计算给定文本中每个单词的频率[关闭]答案

【问题标题】：Counting the frequency of each word in a given text [closed]计算给定文本中每个单词的频率[关闭]
【发布时间】：2013-06-07 12:12:44
【问题描述】：

我正在寻找一个 python 程序来计算文本中每个单词的频率，并输出每个单词及其出现的计数和行号。
我们将单词定义为连续的非空白字符序列。（提示：split()）

注意：同一个字符序列的不同大小写应该被认为是同一个单词，例如Python和python，我和我。

输入将是几行，空行终止文本。输入中只会出现字母字符和空格。

输出格式如下：
每行以一个表示单词出现频率的数字、一个空格、然后是单词本身以及包含该单词的行号列表开头。

示例输入

Python is a cool language but OCaml
is even cooler since it is purely functional

样本输出

3 is 1 2
1 a 1
1 but 1
1 cool 1
1 cooler 2
1 even 2
1 functional 2
1 it 2
1 language 1
1 ocaml 1
1 purely 2
1 python 1
1 since 2

附言。我不是学生，我正在自学 Python..

【问题讨论】：

你的问题是什么？
一个程序，它计算文本中每个单词的频率，并输出每个单词及其出现的计数和行号。
您自己尝试过吗？如果是这样，请发布您的代码并解释您遇到的问题。如果您证明自己付出了努力，人们往往会变得更好，并提供回答。提示：检查with-statement 和collections-module。
我们应该用 hint: `split() 做什么？您是如何遇到这个问题的？
我对此投了反对票，因为这不是一个真正的问题——你只是要求整个代码，准备好运行。你还没有尝试过自己做。

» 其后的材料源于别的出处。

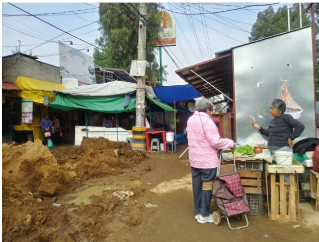
Mercado del pueblo de San Gregorio Atlapulco.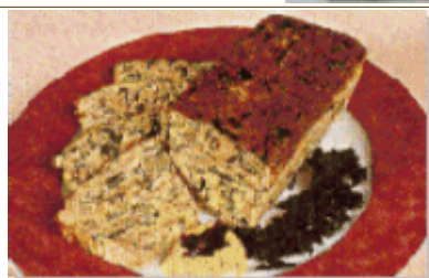
Pain de thon aux algues (Wakamé)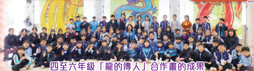
四至六年級「龍的傳人」合作畫的成果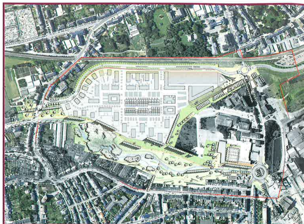
LE PLATEAU FUNICULAIRE: UN GRAND PROJET À L'HORIZON

Le jeudi 16 mars, quelque 50 citoyens ont assisté à une séance publique d'information sur les modifications ponctuelles du Plan d'aménagement général (PAG), approuvées provisoirement par le Conseil communal en date du 22 février dernier, sur base de l'avis préalable de la Commission d'aménagement.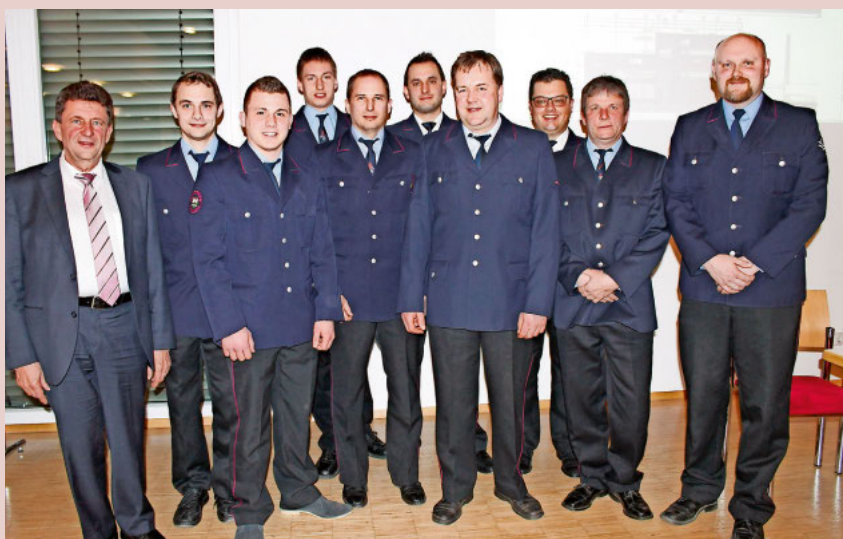
Die Freiwillige Feuerwehr Burgrieden: auch personell vereinigt.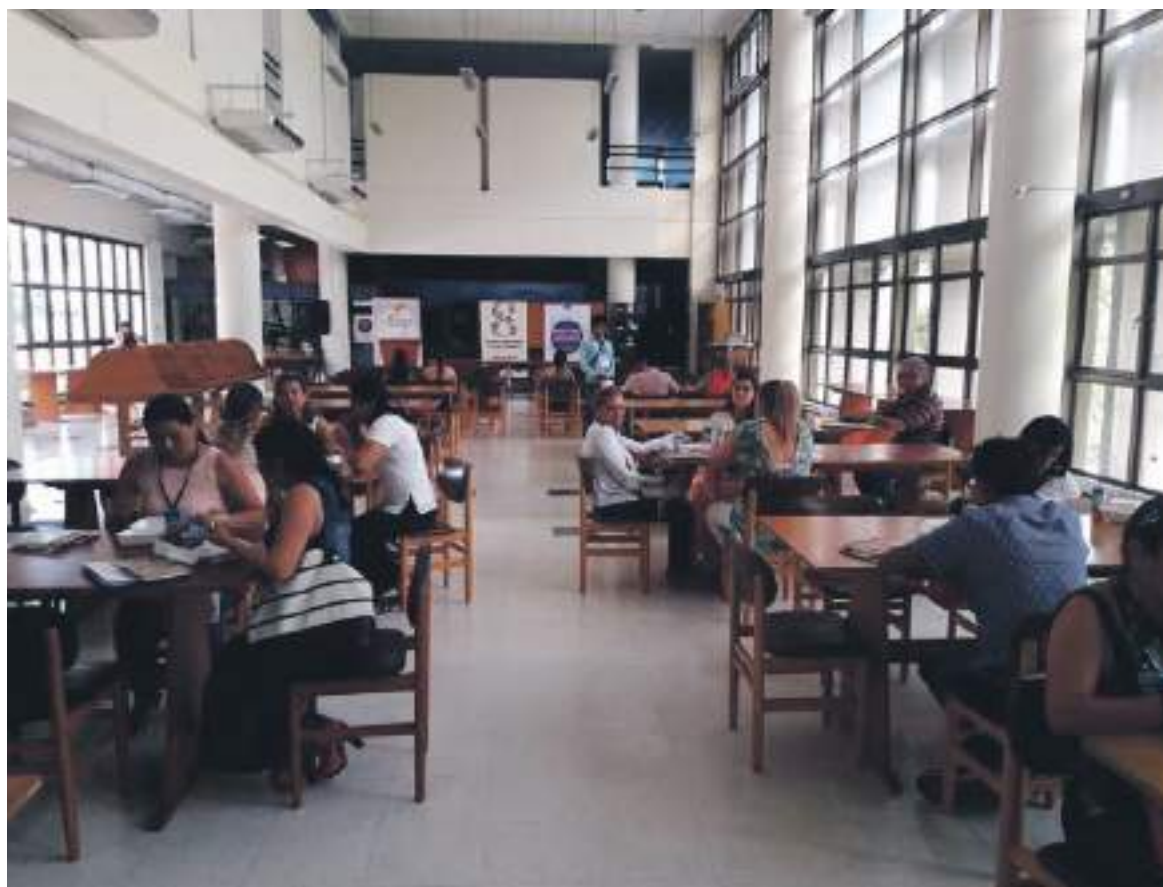
La Biblioteca Departamental será el escenario de estas actividades culturales para su reactivación.

años mínimos de residencia continua en el Departamento.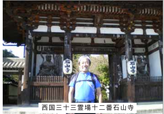
西国三十三霊場十二番石山寺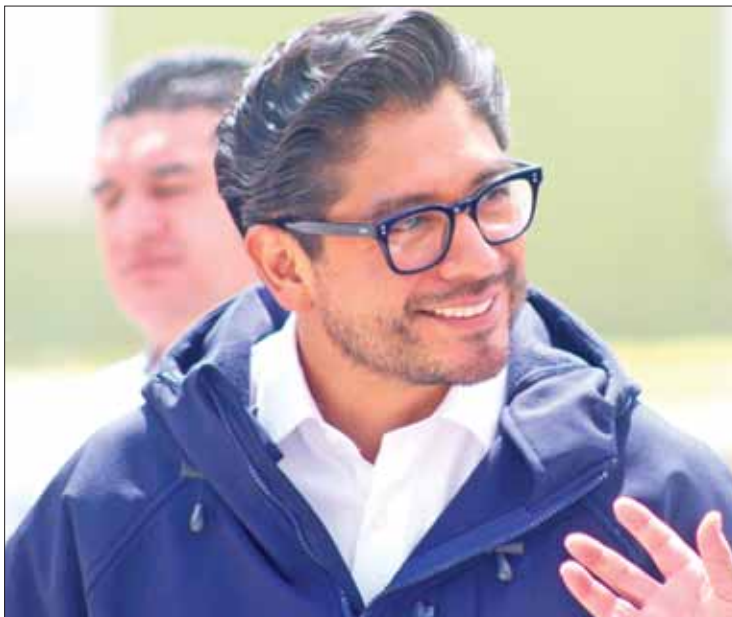
RUTAS. Recordó las acciones implementadas por el gobernador Fayad.

El funcionario hidalguense habló ante la delegación de estadounidenses sobre la perspectiva de México y las oportunidades de cooperación entre California e Hidalgo, así como el trabajo llevado a cabo por el mandatario estatal, en su calidad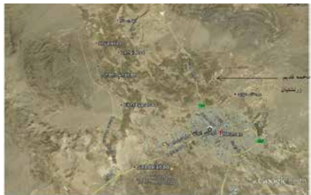
تصویر ۱. موقعیت دخمه زرتشتیان نسبت به شهر کرمان.

پس از ورود اسلام، با وجود محدودیت‌ها، زرتشتیان بخش‌های زیادی از آیین‌های خود را نگاه داشتند و اگرچه اجزای رسوم آیینی آنها احتمالاً دچار تغییراتی شد، بنیان و شالوده آنها همواره ثابت باقی ماند (مزدآپور، ۱۳۸۳: ۱۴۷). به تدریج زرتشتیان فارس و خراسان به سیستان و مکران رفته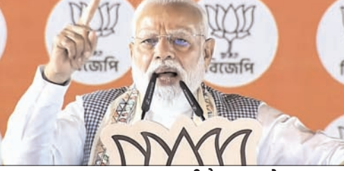
अब जनता बदलाव चाहती है, चुनाव के बाद भ्रष्टाचारियों के खिलाफ कार्रवाई होगी

नई दिल्ली। प्रधानमंत्री नरेंद्र मोदी ने रविवार को पश्चिम बंगाल के कुचबिहार में चुनावी सभा में कहा कि टीएमसी के पापों का घड़ा भर चुका है और अब जनता बदलाव चाहती है। चुनाव के बाद भ्रष्टाचारियों के खिलाफ सख्त कार्रवाई होगी, चुन-चुनकर हिंसा ली जाएगी। पीएम मोदी ने कहा कि 1905 में मजहबों ताकतों ने बंगाल में लाल इश्तेहार जारी किया था। उसके बाद हिंदुओं का नरसंहार किया गया था। टीएमसी उसी की याद दिलाना चाहती है। ये खास मजहब के लोग बंगाल में हिंदुओं का रहना मुश्किल कर देंगे। प्रधानमंत्री ने आरोप लगाया कि टीएमसी शासन में लोकतंत्र कमजोर हुआ है। संवैधानिक संस्थाओं की अनदेखी की जा रही है। राज्य में भ्रष्टाचार, घुसपैठ और महिलाओं के खिलाफ अत्याचार ने जनता को भय और असुरक्षा के माहौल में धकेल दिया है। उन्होंने संदेशवाली जैसी घटनाओं का जिक्र करते हुए महिलाओं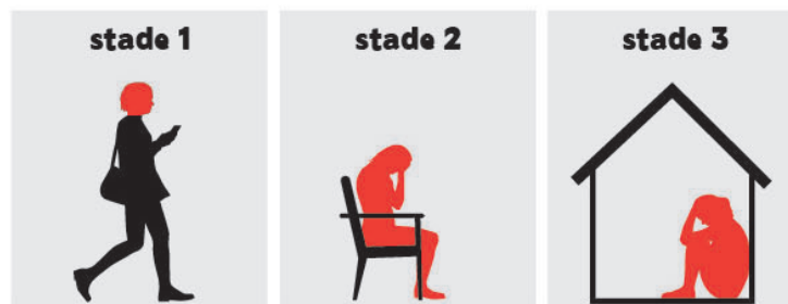
EVOLUTION DU SYNDROME

Facteur d'amplification des symptômes et souffrances.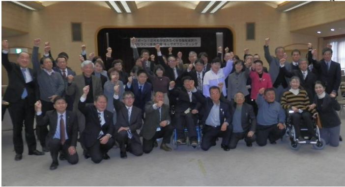
画像1 福祉のまちづくり推進会議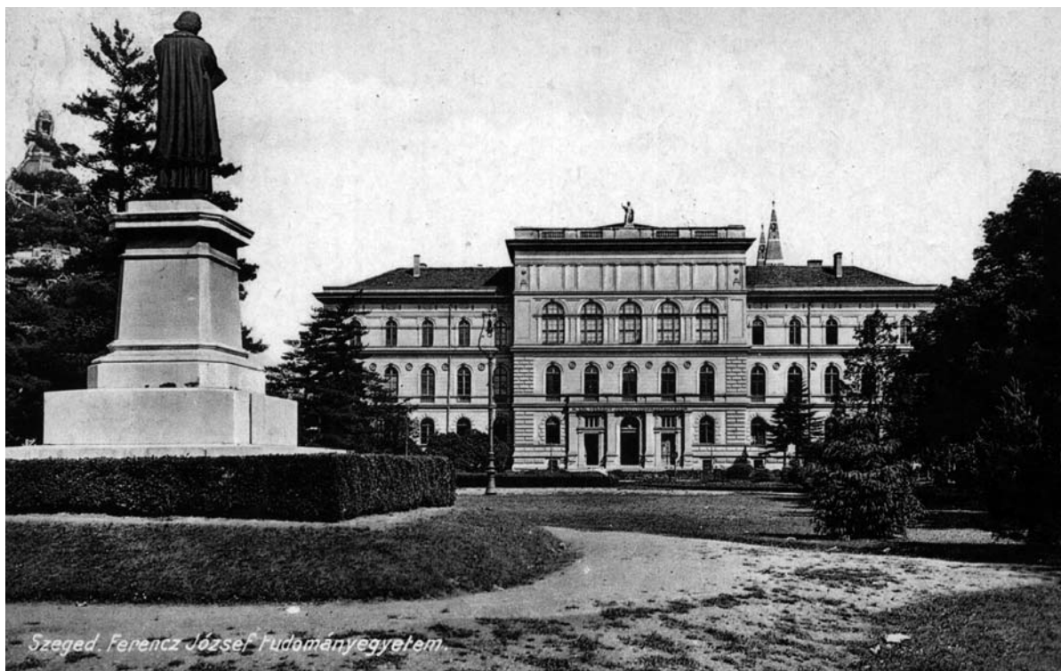
A szegedi egyetem központi épülete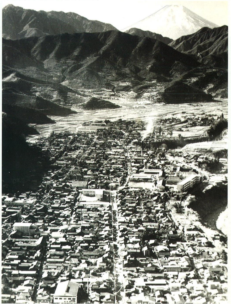
ふるさとの [想い出写真館]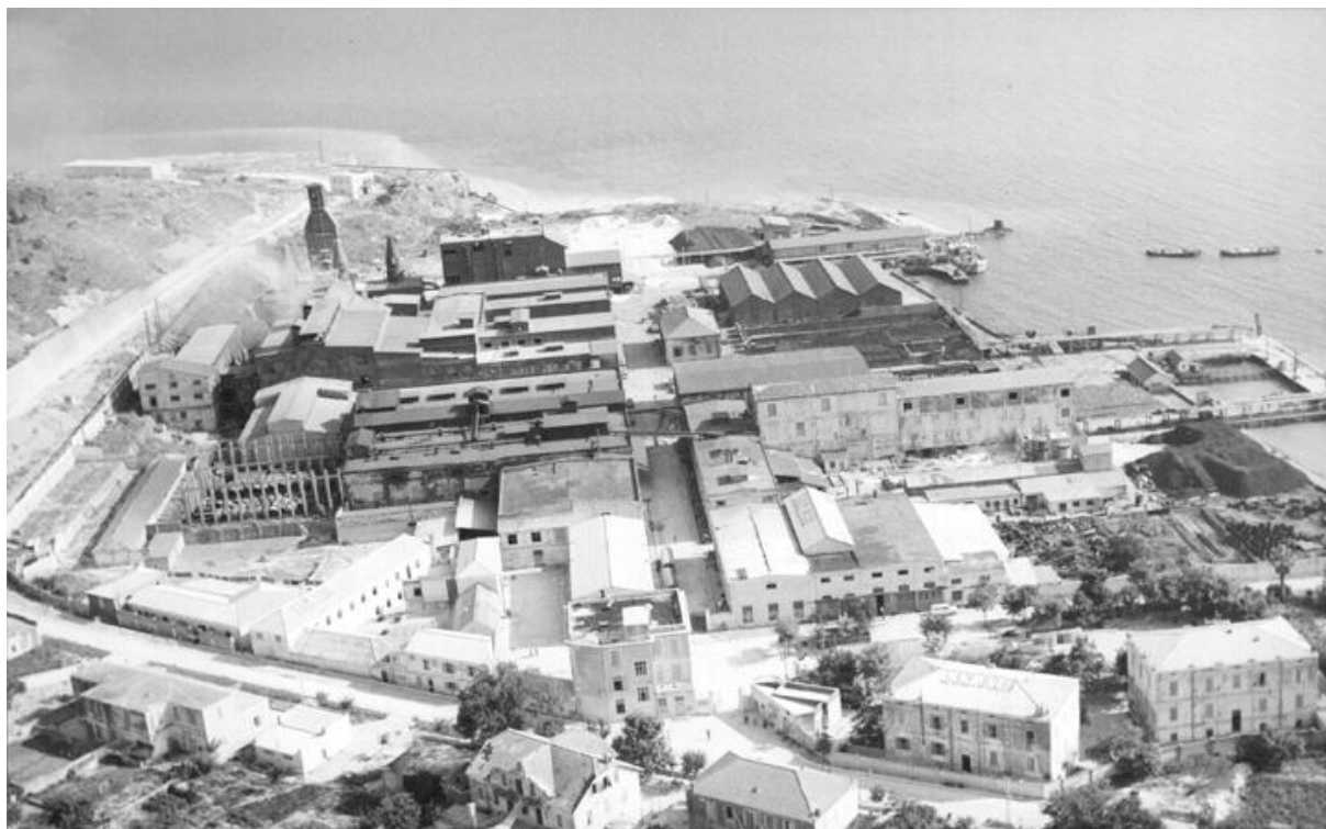
Sl. 10. Tvornica karbida i ferolegura Dalmacija – Dugi Rat (Donja Poljica 1908.-1998.)

Sredinom 1990-ih godina prošlog stoljeća dolazi do ubrzanog propadanja industrije na području Donjih Poljica (sl. 10). Uzroci su brojni i kompleksni. Jedan od uzroka su ratna zbivanja zbog kojih tvornice nisu mogle na vrijeme dobiti potrebnu sirovinu za preradu, drugi koruptivne djelatnosti koje su se događale prilikom privatizacije pojedinih industrijskih kompleksa, a treći uzrok je predratna nerentabilnost tvornica koje su zapošljavale puno veći broj radnika nego što je bilo potrebno. Razvojem turizma na području Donjih Poljica dolazi do ubrzane apartmanizacije ovog područja (sl. 11). Turizam je ekološki prihvatljivija i mnogo profitabilnija ekonomska aktivnost od industrije.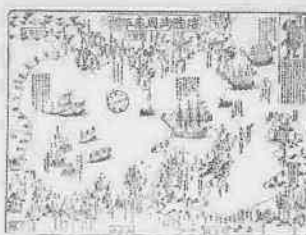
川越藩の警備を伝える、当時の瓦版

10月3日(土)～11月8日(日) 市立博物館 22-5399 22-5396 入館料…大人200円 学生・生徒100円 児童50円 休館日…月曜日・10月23日(金)・11月4日(水)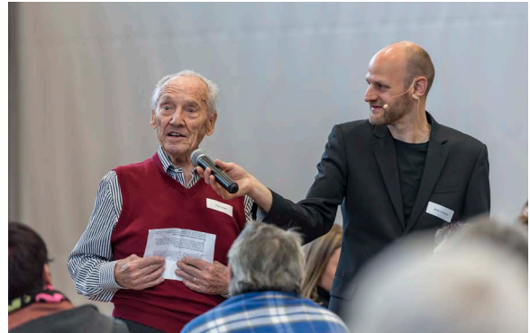
Zukunftskafi Muri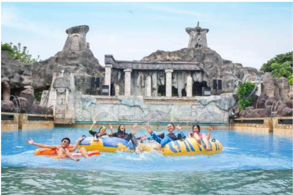
Lampiran 12 Foto Bersama di Kolam Ombak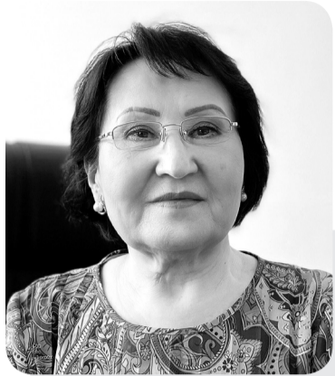
Ляззат МУХАМЕДЖАНОВА, судья Специализированного межрайонного суда по уголовным делам Костанайской области

На сегодняшний день распространение и употребление наркотических средств, психотропных веществ, их аналогов, прекурсоров становится общенациональной проблемой, которая по своим долгосрочным последствиям относится к категориям прямых угроз национальной безопасности.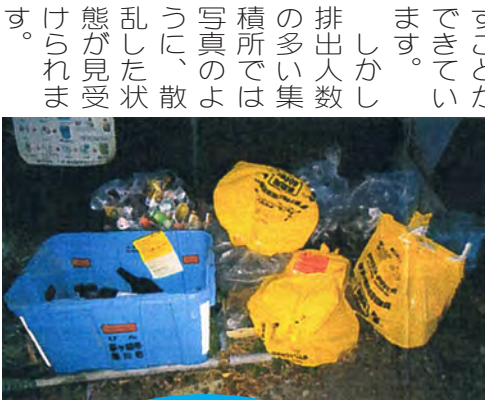
分別すればごみも資源に！

自分一人だけなら大丈夫と思わず、集積所を気持ちよく、綺麗な状態に維持するために、利用するみなで分別・排出マナーを守っていただきたいと思います。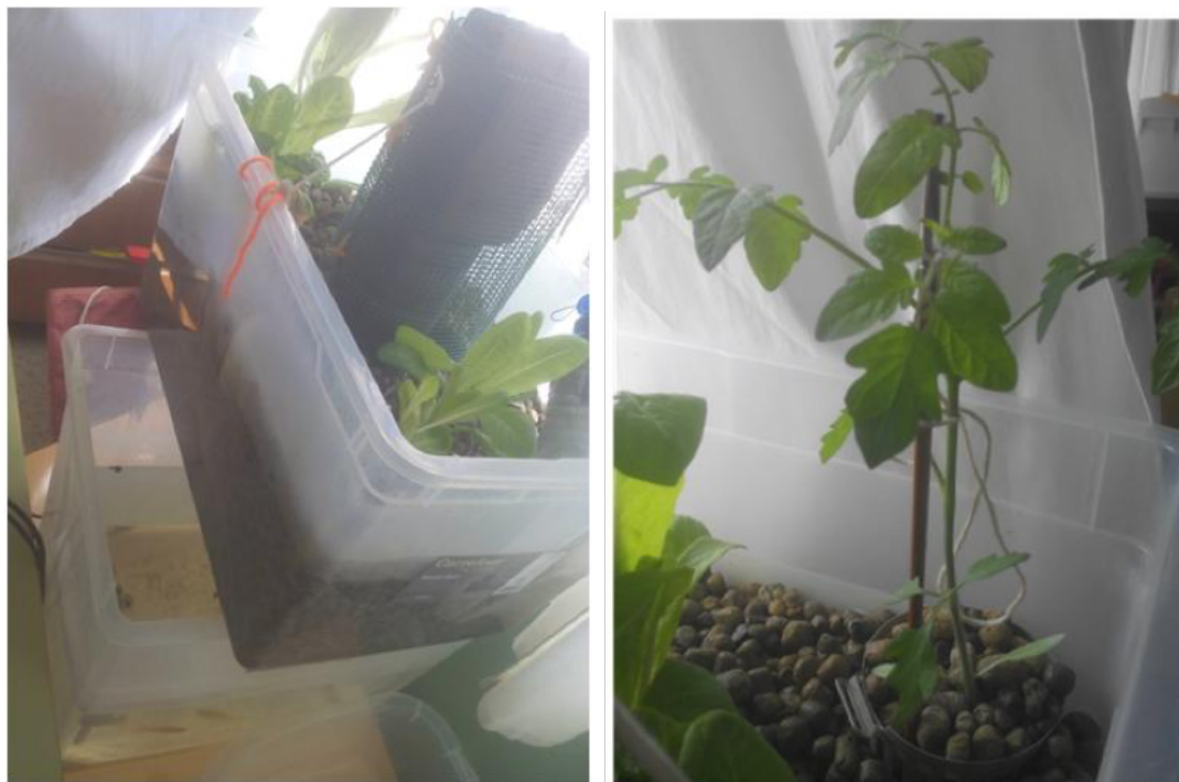
Figuras 2 y 3. Sistema acuapónico maduro

Nuestra sorpresa fue mayúscula pues, al cabo de las semanas, los niveles del test de nitratos se mantenían cercanos a cero y la lechuga tenía un aspecto muy saludable y comenzaba a crecer. Por ello, con este mismo procedimiento gradual y, aprovechando la primavera, añadimos dos peces más y más plantas de lechuga y de tomate cherry al sistema. Las lechugas crecieron bien (figuras 2 y 3), sin embargo, el tomate cherry tuvo más dificultades y las flores no cuajaron, creemos que pudo ser debido o bien a falta de sol, por encontrarse dentro de un aula, o a la falta de nutrientes, escasez de peces.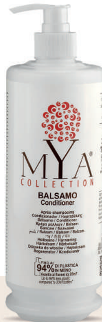
MYBL340D 340 ml - 11.49 fl. oz.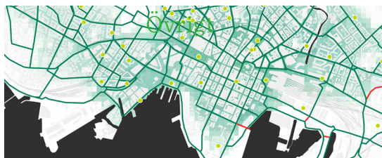
Förslag på ett tätare tillgängligare och mer direkt huvudcykelnät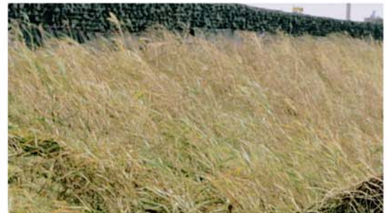
Octobre 2001 : Dès la pose des phragmites, celles-ci ont déjà un système racinaire bien développé. Les rhizomes se sont développés pendant 6 à 7 mois dans nos aqua-pépinières.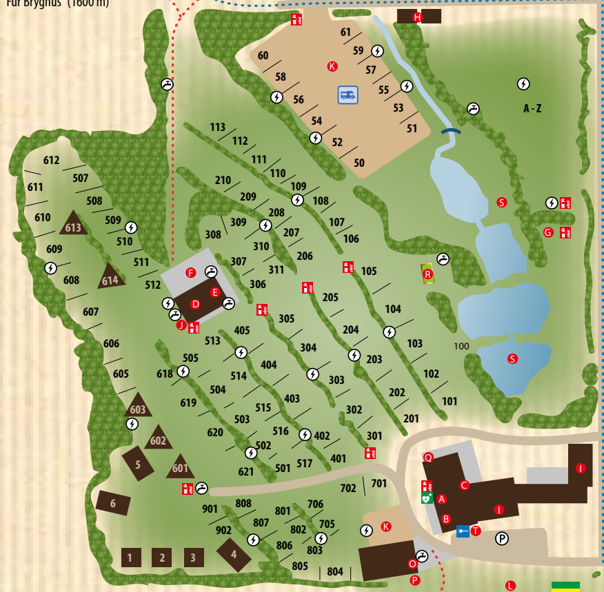
Natursti / Naturpfad / Nature trail / Natuurpad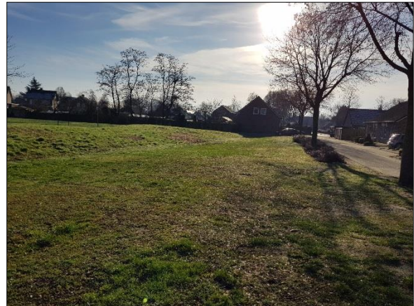
Figuur 5. Zuidwestelijk deel plangebied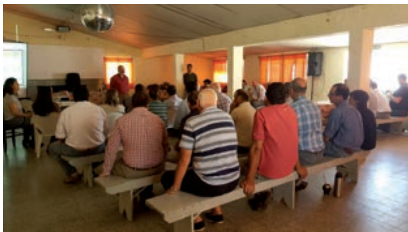
Taller de presentación y discusión de resultados finales en La Casilla (Flores).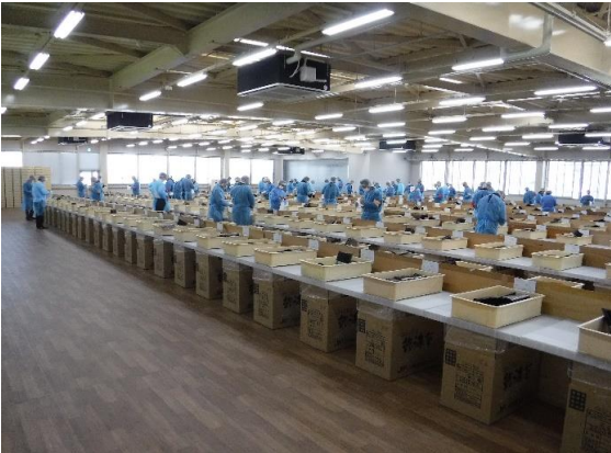
⑧ 人が密着しない様に海苔箱と海苔箱の間を空けての配列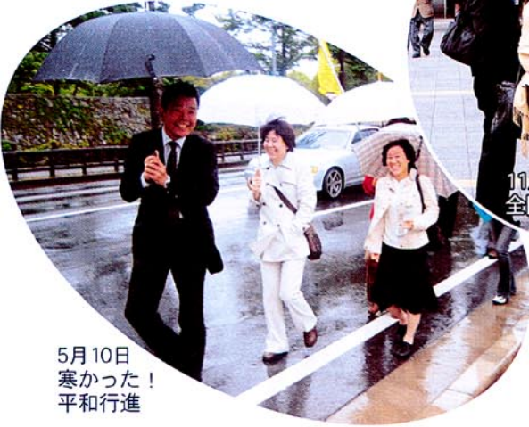
5月10日 寒かった！ 平和行進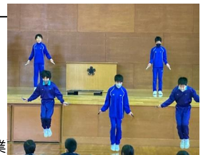
全校児童になわとびの技を披露したさすがの6年生!

这是一个“帮助”论坛，而不是代码工厂。

标签： python string

【解决方案1】：

使用collections.defaultdict、collections.Counter 和string formatting：

from collections import Counter, defaultdict

data = """Python is a cool language but OCaml
is even cooler since it is purely functional"""

result = defaultdict(lambda: [0, []])
for i, l in enumerate(data.splitlines()):
    for k, v in Counter(l.split()).items():
        result[k][0] += v
        result[k][1].append(i+1)

for k, v in result.items():
    print('{1} {0} {2}'.format(k, *v))

输出：

1 自 [2] 3 是 [1, 2] 1个 [1] 1 它 [2] 1 但 [1] 1 纯粹 [2] 1 个冷却器 [2] 1 个功能 [2] 1 蟒蛇 [1] 1 酷 [1] 1 种语言 [1] 1 偶数 [2] 1 OCaml [1]

如果顺序很重要，您可以这样对结果进行排序：

items = sorted(result.items(), key=lambda t: (-t[1][0], t[0].lower()))
for k, v in items:
    print('{1} {0} {2}'.format(k, *v))

输出：

3 是 [1, 2] 1个 [1] 1 但 [1] 1 酷 [1] 1 个冷却器 [2] 1 偶数 [2] 1 个功能 [2] 1 它 [2] 1 种语言 [1] 1 OCaml [1] 1 纯粹 [2] 1 蟒蛇 [1] 1 自 [2]

【讨论】：

如何将此结果写入 csv 文件？

【解决方案2】：

频率列表通常最好用counter 解决。

from collections import Counter
word_count = Counter()
with open('input', 'r') as f:
    for line in f:
        for word in line.split(" "):
            word_count[word.strip().lower()] += 1

for word, count in word_count.iteritems():
    print "word: {}, count: {}".format(word, count)

【讨论】：

line.split() 默认在空格上运行，因此不需要 " " 部分。但是您也许应该等待提供完整的答案，因为 OP 从未表现出任何努力。不过答案很好:-)

【解决方案3】：

好的，所以您已经确定了将字符串转换为单词列表的 split。但是，您想列出每个单词出现的行，因此您应该先将字符串拆分为行，然后再拆分为单词。然后，您可以创建一个字典，其中键是单词（首先要小写），值可以是包含出现次数和出现行数的结构。

您可能还需要输入一些代码来检查某些内容是否为有效单词（例如，它是否包含数字），并清理单词（删除标点符号）。我会把这些留给你。

def wsort(item):
    # sort descending by count, then ascending alphabetically
    word, freq = item
    return -freq['count'], word

def wfreq(str):
    words = {}

    # split by line, then by word
    lines = [line.split() for line in str.split('\n')]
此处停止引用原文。